After Nikki celebrated her first birthday, Mr. Winstead tried again. But Mrs. Winstead was cleverer than her husband ever cared to notice. She was well aware that Mr. Winstead had fired several of their staff and that knew this meant he was having some financial difficulties. “But darling, look how expensive raising a child is! Another baby now would mean another mouth to feed! Who will feed him if you’ve gone and fired all the nannies that you can’t afford to keep on?” Terrified at the idea, Mr. Winsetad threw himself into his work eagerly.
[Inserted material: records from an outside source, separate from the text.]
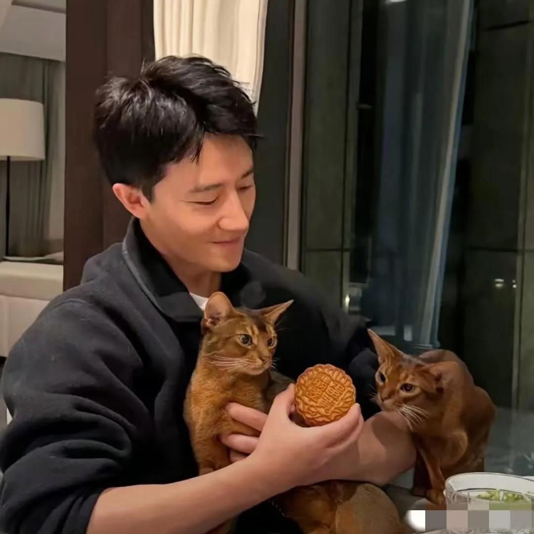 黄轩与爱猫合照:画面中的黄轩气色盈和,疏眉朗目,鼻似秀峰,年轻帅气;两只猫咪看上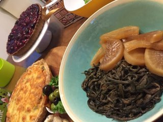 ベリーのパイにキッシュ、青カビチーズ、オリーブ、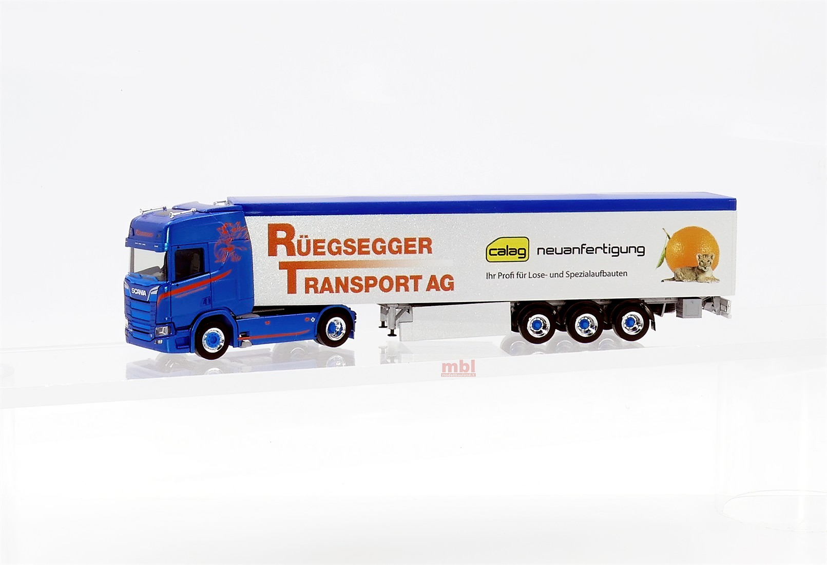 Herpa 952385 Scania CR Highline Schubboden-Sattelzug "Rüegsegger Transport AG" CH - H0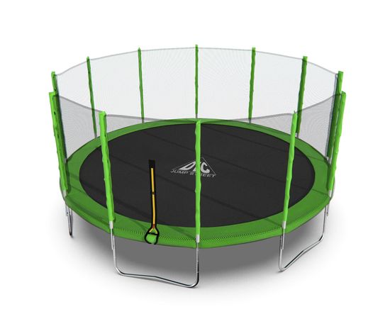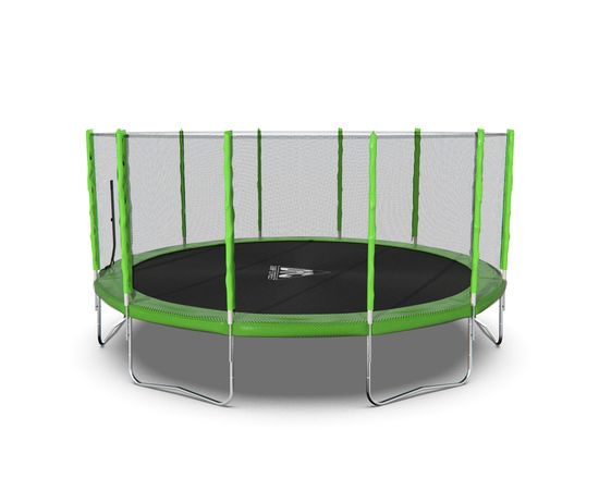 Модель с внешней защитной сеткой и яркой зеленой расцветкой. Высота батутов этой серии от 46 до 85 см.

Mr. Winstead’s financial troubles continued, and although he didn’t fire any more of his house staff, all thoughts of a second child left his mind for quite some time. Then Nikki turned five and Mr. Winsted tried again. Many of his closest friends and cousins had sons and he was beginning to desire one of his own. He approached his wife about it one evening. Mrs. Winstead had to really dig deep for an excuse that time. “But dearest, our little Nikki is five now. She’ll be starting school soon. She’s a clever little girl, as promised, but she’ll need help with her schoolwork. And lets not forget that we’ll have to pay tuition to send her to only the finest institution. Never mind all the books and materials for her studies and the uniform as well! I know we’re back on our feet but we’ve only just recovered. We need more time to feel financially well to raise another child.”
Mr. Winstead was fuming now at his wife’s words. “My dear woman, it’s been five years since we’ve last laid together!”
“Six,” his wife corrected. She couldn’t resist.
“Six, then!” Mr. Winstead sputtered wildly. “Recall, if you please, that I am nearly 15 years your senior. I am growing older by the day and with no heir to take my place – ”
Mrs. Winstead’s blood boiled at his words. “You have an heir!” she corrected him vehemently. “Or have forgotten your daughter already?”
Well, Mr. Winstead was quite taken aback. Never had anyone in his life spoken to him in such a manner. Mrs. Winstead realized what she had done and she saw the look in her husband’s eyes change right in front of her. Mr. Winstead stared for a second and then, with needless flourish, he snatched that day’s newspaper from his wife’s vanity and got under the covers. He wouldn’t say a word to his wife for the rest of the week and he never again tried to proposition her for a son. In fact, upon ending his cold shoulder treatment, he replaced the bed he shared with Miss Isobel with two separate ones. Miss Isobel did not protest; in fact, she rather enjoyed a little distance between herself and her husband.